- AVAILABLE DATA
____________________
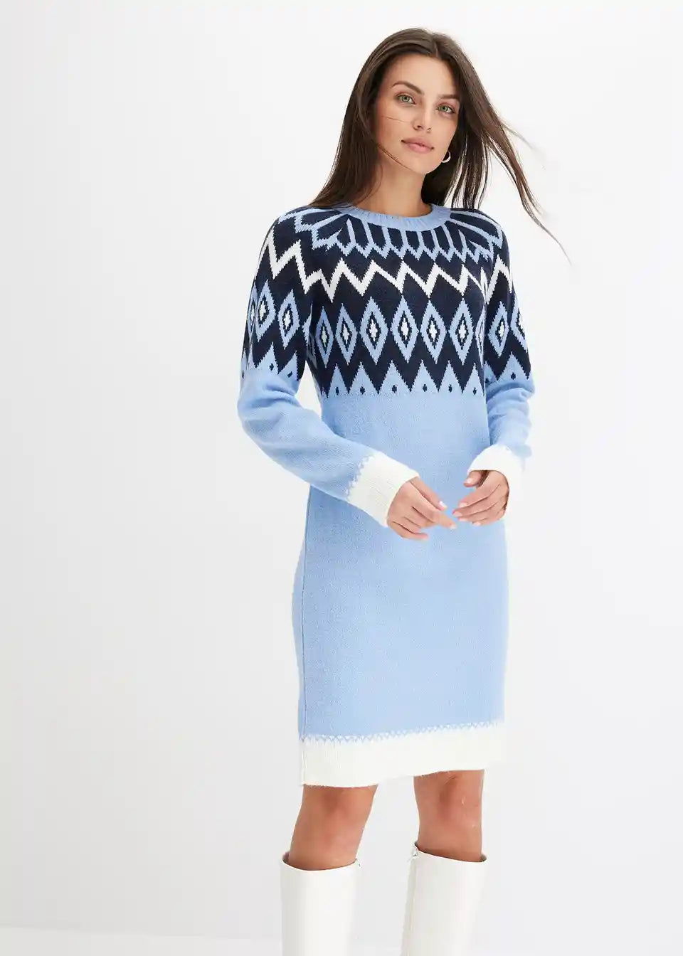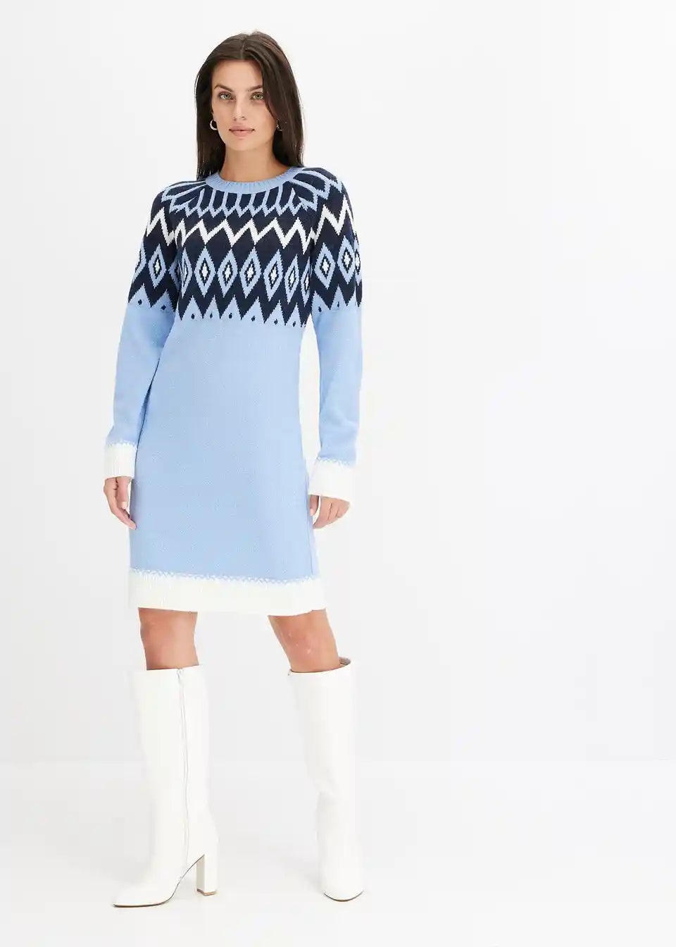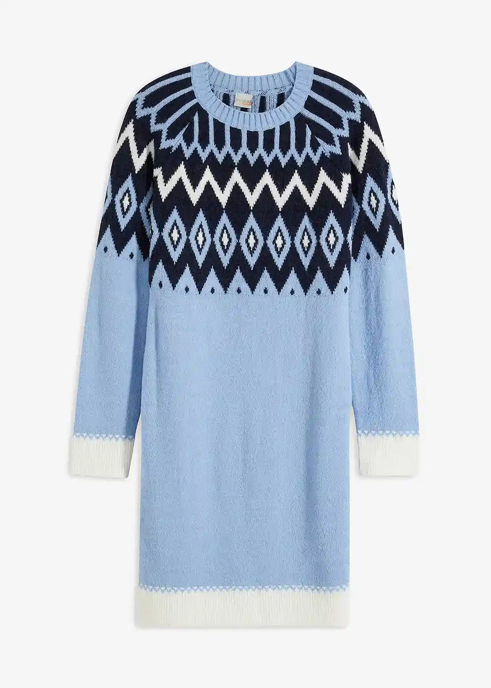 Modern und feminin: Strickkleid im modernen Schnitt mit Jacquard-Muster
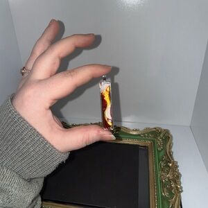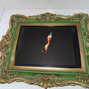 Rectangular pendant with abstract design. Features red, pink, and yellow swirls. Silver-tone frame and bail.
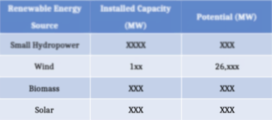 Table: Current Condition – Vietnam’s Renewable Energy Capacity
____________________
Print each line of the material above exactly, with the pictures removed from your copy.

 Modern und feminin: Strickkleid im modernen Schnitt mit Jacquard-Muster
 Rectangular pendant with abstract design. Features red, pink, and yellow swirls. Silver-tone frame and bail.
 Table: Current Condition – Vietnam’s Renewable Energy Capacity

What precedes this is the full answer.